青花菜细胞核雄性不育系Y37S的细胞学观察及遗传分析

doi:10.16420/j.issn.0513-353x.2025-0148

摘要/Abstract

摘要：

青花菜细胞核雄性不育材料Y37S是在自交系Y37中发现的一株自然突变不育株，为明确其遗传特性和花药败育原因，从形态学、细胞学、遗传及分子鉴定等方面进行研究。结果表明：Y37S不育系植株雄蕊退化，显著低于柱头，无花粉。扫描电镜观察结果显示，Y37S花药干瘪扭曲，呈现三角形，无花粉粒附着；利用荧光素双醋酸酯（fluorescein diacetate，FDA）对不同大小花蕾的小孢子活力进行检测，不育株花蕾发育至4.5 ~ 5.0 mm时，小孢子活力丧失且无绿色荧光信号。花药细胞学特征观察发现，不育株在单核小孢子期发生小孢子塌陷、绒毡层细胞延迟降解且降解不完全，影响了花药和花粉的正常功能，最终导致败育。用同系内6个可育株分别与Y37S进行杂交，其中Y37-1和Y37-3自交可育株与不育株比例为23︰7和17︰5，Y37-1和Y37-3与Y37S的杂交后代可育株与不育株比例分别为15︰14和28︰30，初步推测Y37S受一对隐性核基因控制。为验证其遗传规律，用Y37S与正常可育自交系B50杂交，F₁代全部可育，F₂群体中可育与不育株比为107︰29，测交群体中可育与不育株比为67︰69，符合孟德尔遗传定律，证明Y37S是由一对隐性基因控制的细胞核雄性不育系。利用已经鉴定的白菜和甘蓝单隐性核不育基因连锁的分子标记对测交群体中的不育株和可育株进行扩增，未扩增出差异条带，推测控制不育系Y37S育性的基因可能为新的隐性核不育基因。

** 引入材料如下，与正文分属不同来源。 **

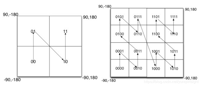 如图所示,我们将二进制编码的结果填写到空间中,当将空间划分为四块时候,编码的顺序分别是左下角00,左上角01,右下脚10,右上角11,也就是类似于Z的曲线。当我们递归的将各个块分解成更小的子块时,编码的顺序是自相似的(分形),每一个子快也形成Z曲线,这种类型的曲线被称为Peano空间填充曲线。
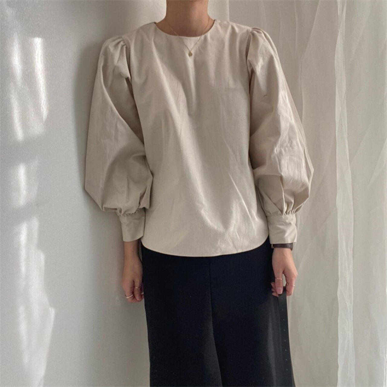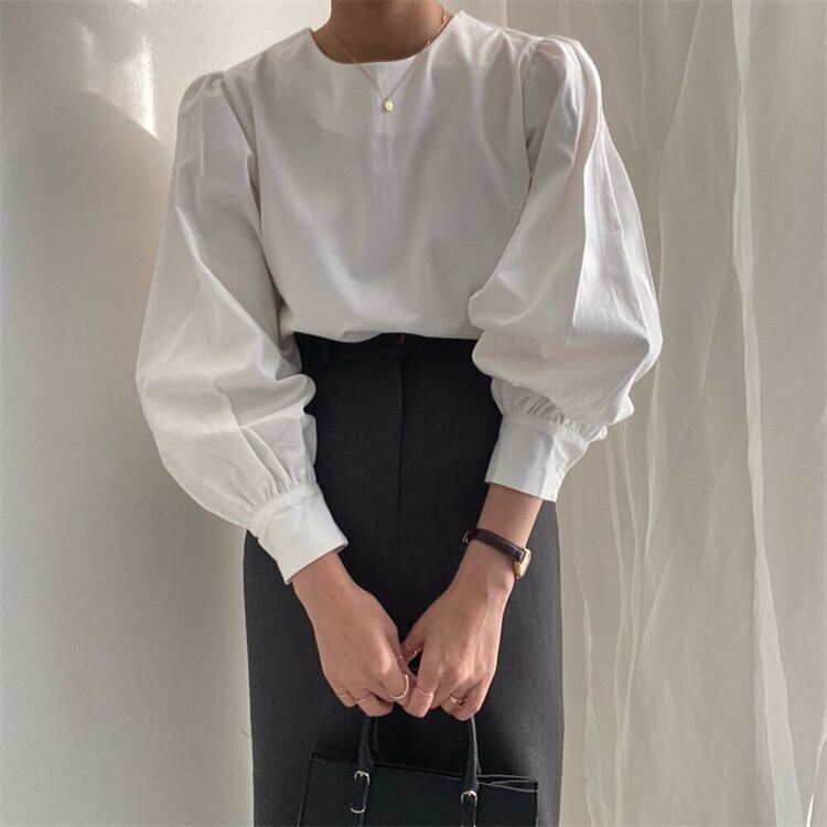 おしゃれな ラウンドネック シンプル パフスリーブ シャツ 2色 フリーサイズ
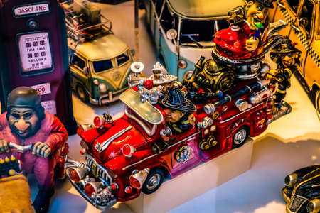 Model of retro fire engine or fire track on the shelf. Miniatures of colorful vintage vehicles in the shop. Turkey, Istanbul, 2019-08-18
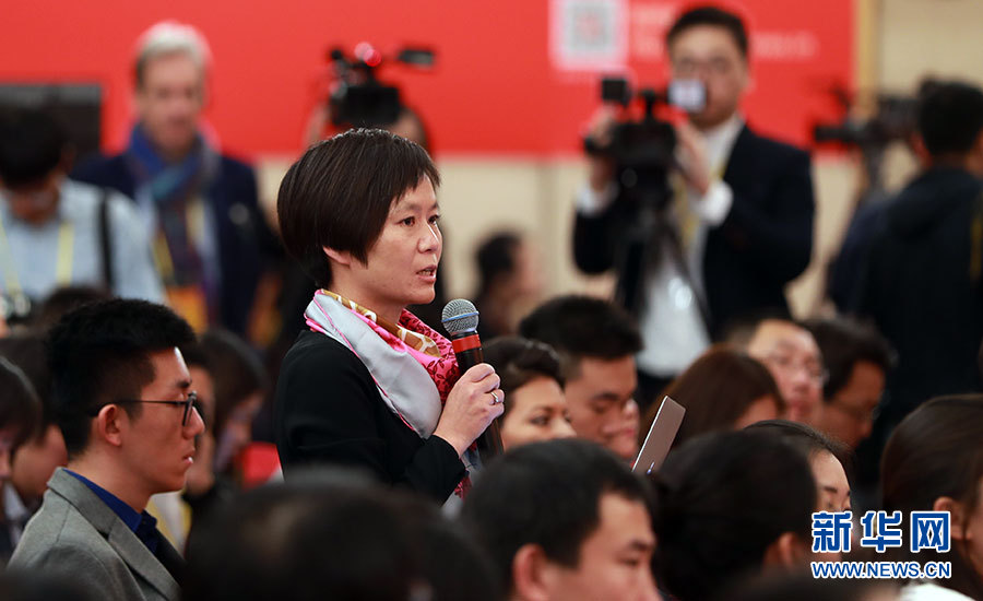 10月23日,十九大新聞中心舉辦記者招待會(huì),邀請(qǐng)中央財(cái)經(jīng)領(lǐng)導(dǎo)小組辦公室副主任楊偉民,環(huán)境保護(hù)部黨組書(shū)記、部長(zhǎng)李干杰介紹踐行綠色發(fā)展理念,建設(shè)美麗中國(guó)有關(guān)情況,并回答記者提問(wèn)。圖為中國(guó)青年報(bào)記者提問(wèn)。新華網(wǎng) 郝廣鵬攝
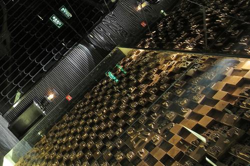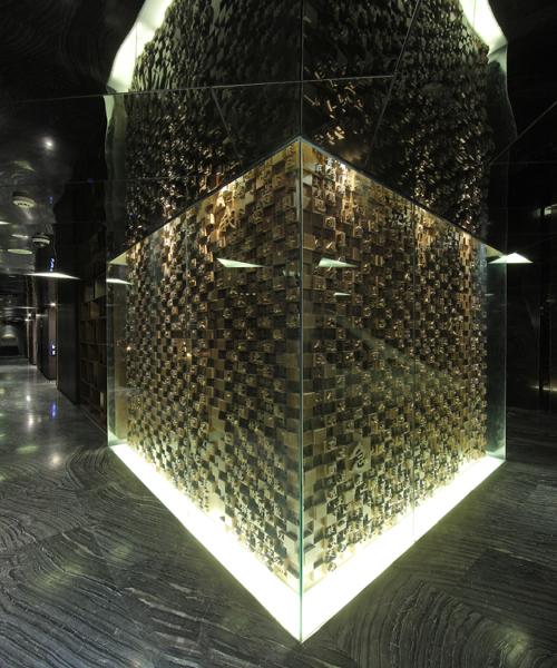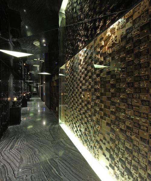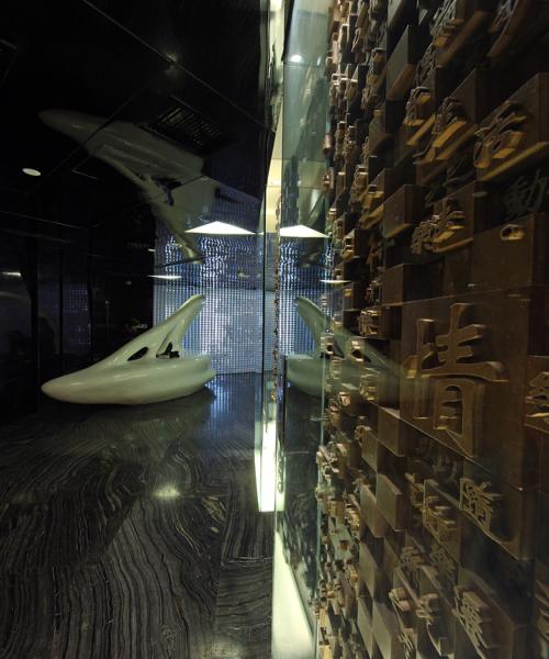 設(shè)計師把接待廳設(shè)在會所的高層(整幢樓的腰部),會員從電梯出來透過充滿力量感得幾何造型大理石柱之間的空隙,看到樓外的景觀,從那一刻起,一段充滿詩意的心靈之旅即將展開。黑金龍大理石地面,黑灰色如流水般的紋理從電梯間開始延伸。光潔的理石質(zhì)地,柔順的流水紋路碰撞出雙重的美感。中國四大發(fā)明的鉛字印刷被以現(xiàn)代材質(zhì)演繹,“道德經(jīng)”的雕刻文字被設(shè)計師平面排序,造型夸張,強(qiáng)調(diào)尺度感的中式椅子,用亞克力來表現(xiàn),似乎在告訴來這里的會員完全不一樣的中國元素的解讀方式。
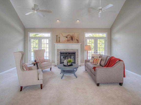 Welcome to this stately cottage style home offering casual luxury throughout. French doors lead to stunning views & rolling hills. Enjoy a custom kitchen/hearth room w/ fireplace hardwood floors and eating area. Backyard oasis w/ balcony deck overlooking inground pool, gated play area and privacy. Featuring rustic hand-scraped wood floors, 3 fireplaces, 3 living areas, granite countertops, stunning ceilings w/ crown molding handsome study! Basement family room/hobby room/game room. Downstairs playroom could be fourth bedroom. Storm shelter could be finished storage. Call for a personal tour today!

关键词: 青花菜, 细胞核雄性不育, 遗传分析, 分子标记

Abstract:

The nuclear male sterile material Y37S of broccoli is a naturally mutated sterile strain discovered in the inbred line Y37. To clarify its genetic characteristics and the causes of anther failure，studies were conducted from aspects such as morphology，cytology，genetics and molecular identification. The results showed that the stamens of the Y37S sterile line plants were degenerated，significantly lower than the stigma，and there was no pollen. The results of the scanning electron microscope showed that the anthers of Y37S were shriveled and twisted，presenting a triangular shape，with no pollen grains attached. The microspore viability of flower buds of different sizes was detected by fluorescein diacetate（FDA）. When the flower buds of sterile plants developed to 4.5-5.0 mm，the microspore viability was lost and there was no green fluorescence signal. Observation of the cytological characteristics of anthers revealed that in sterile plants，microspore collapse occurred during the mononuclear microspore stage，and the degradation of felt-like layer cells was delayed and incomplete，which affected the normal functions of anthers and pollen，ultimately leading to infertility. Six fertile strains within the same line were crossed with Y37S respectively. Among them，the ratios of self-pollinated fertile strains to sterile strains of Y37-1 and Y37-3 were 23︰7 and 17︰5，respectively，and the ratios of fertile strains to sterile strains of the hybrid offspring of Y37-1 and Y37-3 with Y37S were 15︰14 and 28︰30，respectively. It is preliminarily speculated that Y37S is controlled by a pair of recessive nuclear genes. To verify its genetic pattern，Y37S was crossed with the normal fertile inbred line B50. All F₁ generations were fertile. The ratio of fertile to sterile lines in the F₂ population was 107︰29，and in the test cross population，it was 67︰69. This conforms to Mendel’s law of inheritance and proves that Y37S is a nuclear male sterile line controlled by a pair of recessive genes. The sterile and fertile plants in the test population were amplified using the molecular markers of the single recessive nuclear sterility gene linkage of Chinese cabbage and cabbage that have been identified. No differential bands were amplified，suggesting that the gene controlling the fertility of the sterile line Y37S might be a new recessive nuclear sterility gene.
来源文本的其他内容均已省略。